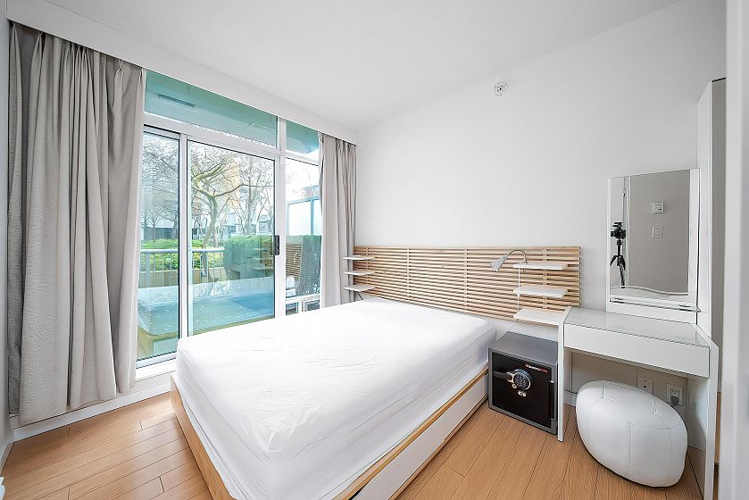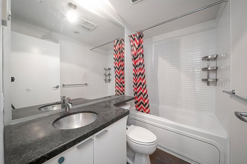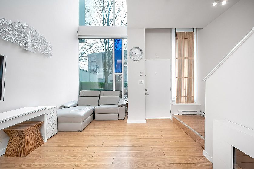 Fabulous 856 sqft Townhome in Spectrum 3. Private rooftop deck with 3 other patios! The first patio is off the living area, another off the master bedroom and one is next to the Loft which can be used as a second bedroom, den or an airy home office. This Townhome is city zoned for Live/Work which makes them extremely appealing to home business people. Freshly updated with new paint. The windows are expansive and the living room has 20 foot ceilings-the perfect space for entertaining. The complex has 24 hour concierge service & boasts a fabulous recreation centre with a spectacular swimming pool, steam, sauna & whirlpool. Walk to Skytrain, Costco, GM Place, BC Place, Downtown Business Centre, False Creek, Library, Downtown Campuses.Open House Apr 11 &12 (Sat &Sun) 2-4pm.
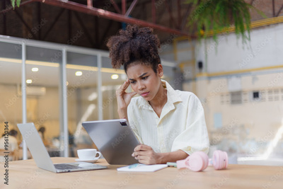 Young African American woman are stressed and tired from work sitting at desk in the office, feeling sick at work, stress from work.
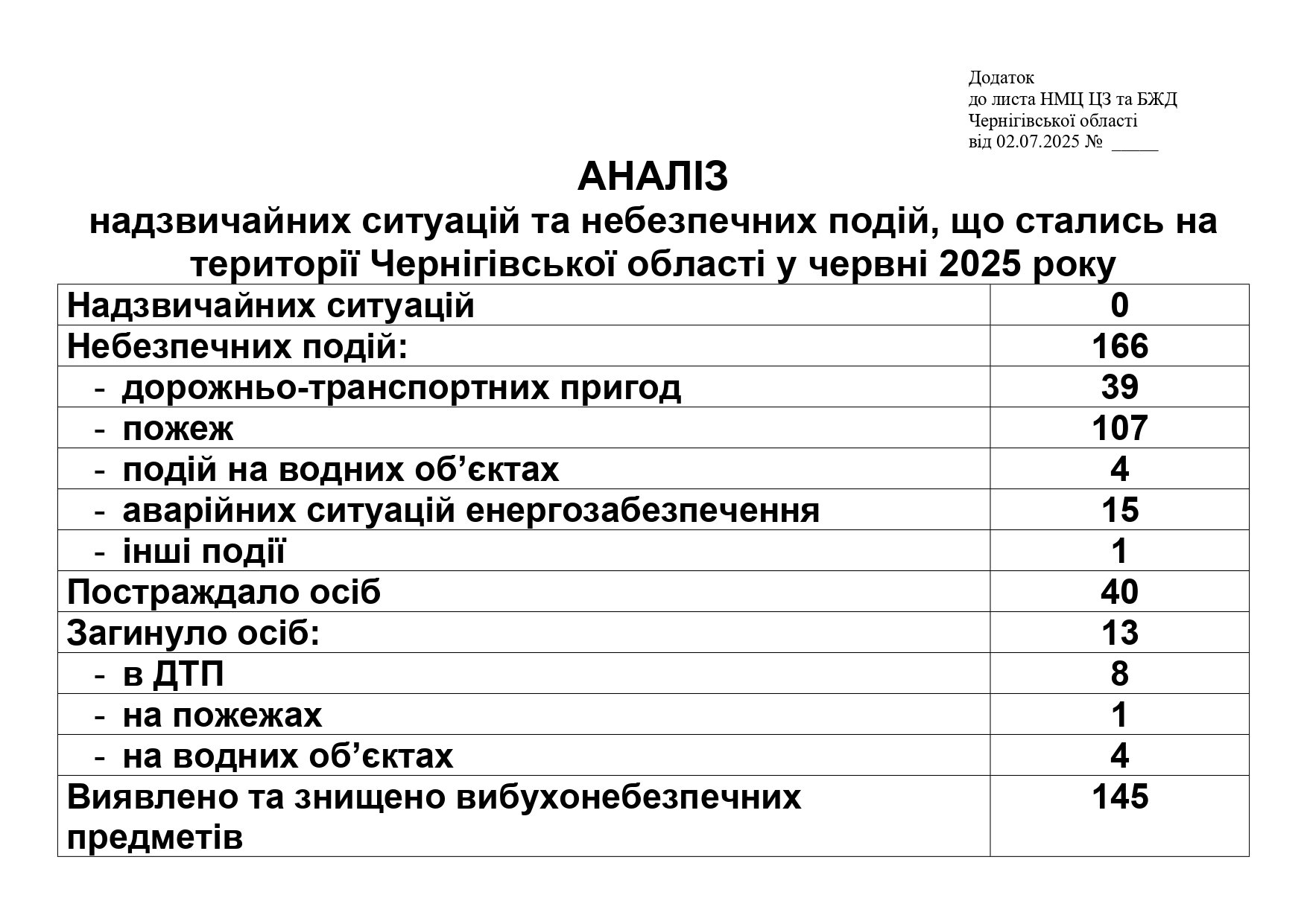 Надаємо вам аналіз надзвичайних ситуацій та небезпечних подій, що сталися на території Чернігівської області за червень 2025 року.
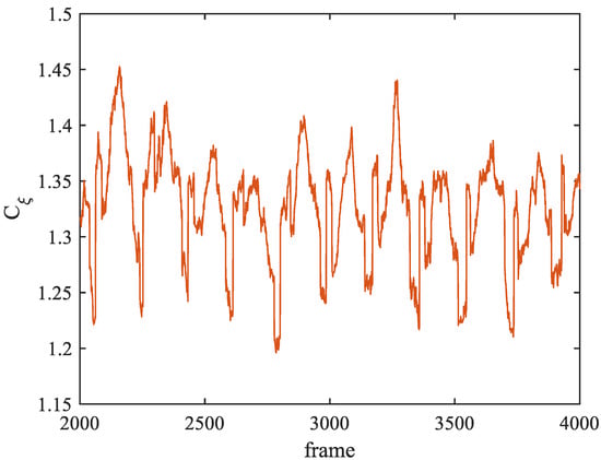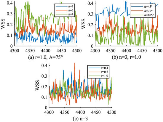 As a crucial blood flow parameter, WSS is discretized by the SPH method in this research. According to the calculation of in Equation (17), the number of neighboring particles has a strong correlation with the calculation result of WSS, so the experiment analyzes the change in . Figure 6 shows the mean change in corresponding to all blood particles participating in the WSS calculation as vessel walls in each frame from frame 2000 to frame 4000 of the simulation. It can be found from Figure 6 that the value of is maintained between 1.20 and 1.45, and presents obvious periodic changes. It shows that the calculation method of WSS in this research is feasible. The periodic change shown in the figure is caused by particle circulation, which also indicates that the experimental blood simulation can restore the pulse of the blood system to a certain extent. Since WSS can reflect the characteristics of vascular diseases, this experiment carried out a visual analysis of WSS at the aneurysm mouth. Figure 7 shows the WSS curve from frame 4300 to frame 4500 at the aneurysm mouth under the bifurcation vessel structure scheme listed in Table 2. Figure 7a,b show the WSS changes at the tumor mouth under different vascular structures with N and A as variables, respectively. It can be found from the curves in the figure that the WSS values of different bifurcation index N and different bifurcation Angle A have obvious differentiation, while Figure 7c takes the radius ratio as the variable value curve, it can be found that there is no significant difference in WSS changes under different r values. According to Murray’s Law, the vascular structure (G7, G8, G9) in Figure 7c is close to the optimal structure, so the small difference in the figure reflects the reliability of the WSS calculation method in this research. As for Figure 7a,b, the deviation of bifurcation index and bifurcation angle both have an impact on the size of WSS. Therefore, monitoring the size of WSS at the aneurysm orificium in the simulation can be used as an indicator for further analysis of aneurysm lesions.
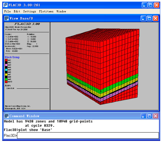 Based on the actual conditions of the Wangjiazhai coal mine, the model was determined to be 770 m long (along the strike of the seams), 390 m wide (along the dip direction of the seams) and 515 m deep. It has 9438 elements and 10,948 grid points (Figure 2).
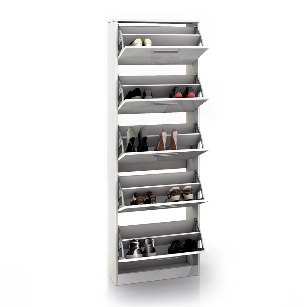 Der Schuhkipper aus der Gizmo Collection ist die perfekte Wahl für Menschen, die einen modernen und praktischen Flurschrank suchen. Dieses Schuhregal bietet reichlich Platz für Ihre Lieblingsschuhe und ermöglicht es Ihnen, Ihre Schuhe ordentlich und platzsparend zu verstauen. Mit fünf klappbaren Schuhregalen ist dieser Schuhschrank ein tolles Beispiel für Design und Funktionalität. Dieser Schuhkipper ist kompatibel mit anderen Artikeln der Gizmo Collection und bietet Ihnen die Möglichkeit, ein vollständiges Set von Möbeln zu erhalten. Stilvoll und nützlich – der Schuhkipper von Gizmo lässt keine Wünsche offen. Investieren Sie in dieses unverzichtbare Möbelstück und verabschieden Sie sich von unordentlichen Schuhsammlungen im Flur.
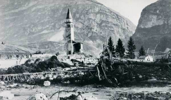 Un’ora dopo, esattamente alle 22.39, all’improvviso un cupo e lungo boato spezzò il silenzio in cui era avvolta la valle. Un’enorme frana staccatasi dal pendio che occupava da millenni, scese rapidissima verso il lago artificiale, creando un’ondata gigantesca. In pochi attimi la tragedia: l’onda d’acqua e fango, alta più di 200 metri, oltrepassò la diga – che resistette all’urto – piombando sulla valle, distesa lungo il Piave, come a straziarne il corpo e l’anima.
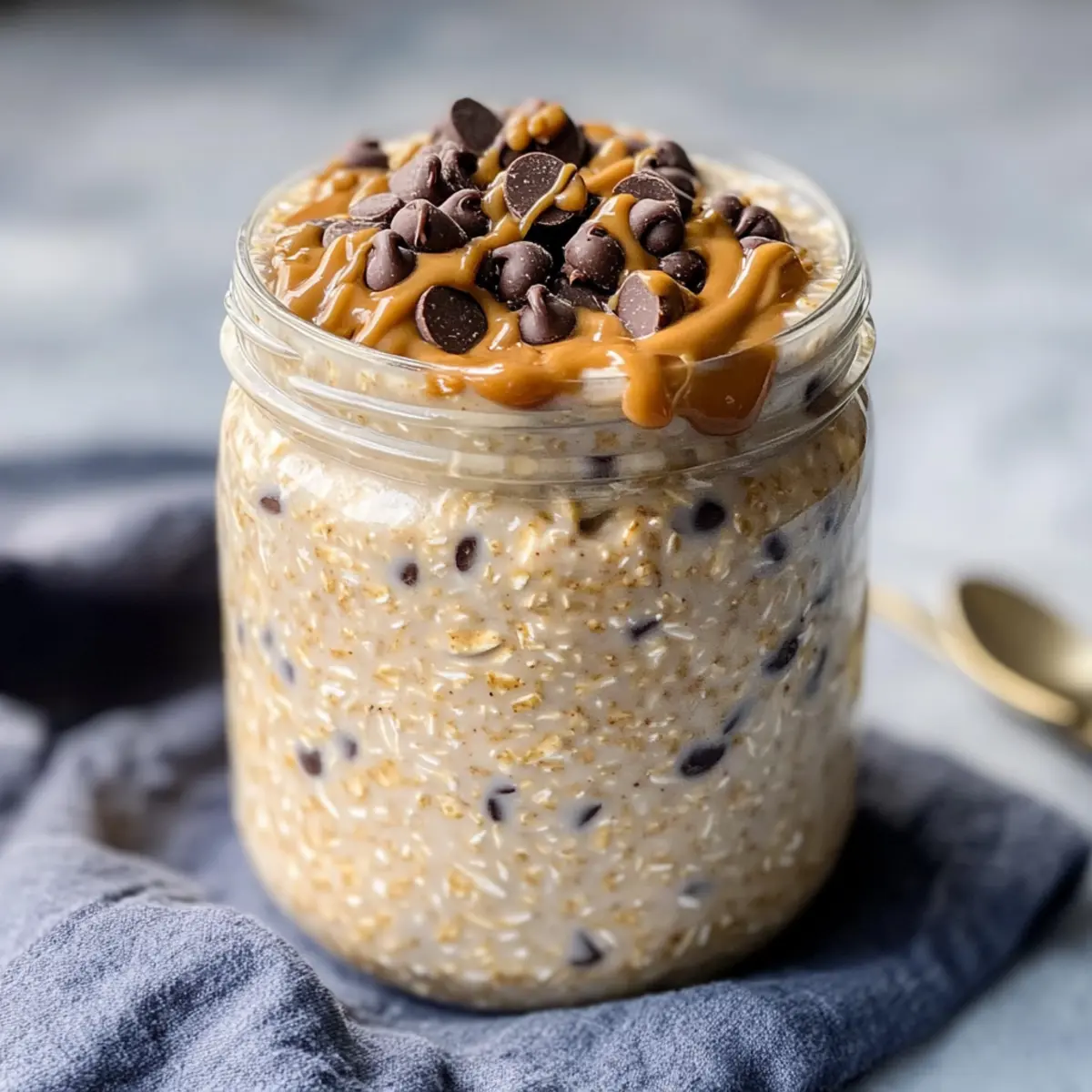 These Cookie Dough Overnight Oats are a perfect solution for busy mornings! You can prepare the oat mixture (excluding the peanut butter and topping) up to 3 days in advance. Simply combine rolled oats, milk, Greek yogurt, maple syrup, vanilla extract, and a pinch of salt in your jar or bowl. Store it in the refrigerator covered to maintain freshness. When you’re ready to enjoy, just layer the prepared oats with peanut butter and sprinkle with mini chocolate chips. This way, you get all the delicious flavors without the morning rush, making breakfast feel indulgent even on the busiest days!

******

▶ WHAT IS REQUIRED: Exact copy, pictures excluded: repeat the lines from the top of the material through the line with "Надаємо вам аналіз".

▶ RESPONSE BOX:
 Fabulous 856 sqft Townhome in Spectrum 3. Private rooftop deck with 3 other patios! The first patio is off the living area, another off the master bedroom and one is next to the Loft which can be used as a second bedroom, den or an airy home office. This Townhome is city zoned for Live/Work which makes them extremely appealing to home business people. Freshly updated with new paint. The windows are expansive and the living room has 20 foot ceilings-the perfect space for entertaining. The complex has 24 hour concierge service & boasts a fabulous recreation centre with a spectacular swimming pool, steam, sauna & whirlpool. Walk to Skytrain, Costco, GM Place, BC Place, Downtown Business Centre, False Creek, Library, Downtown Campuses.Open House Apr 11 &12 (Sat &Sun) 2-4pm.
 Young African American woman are stressed and tired from work sitting at desk in the office, feeling sick at work, stress from work.
 Надаємо вам аналіз надзвичайних ситуацій та небезпечних подій, що сталися на території Чернігівської області за червень 2025 року.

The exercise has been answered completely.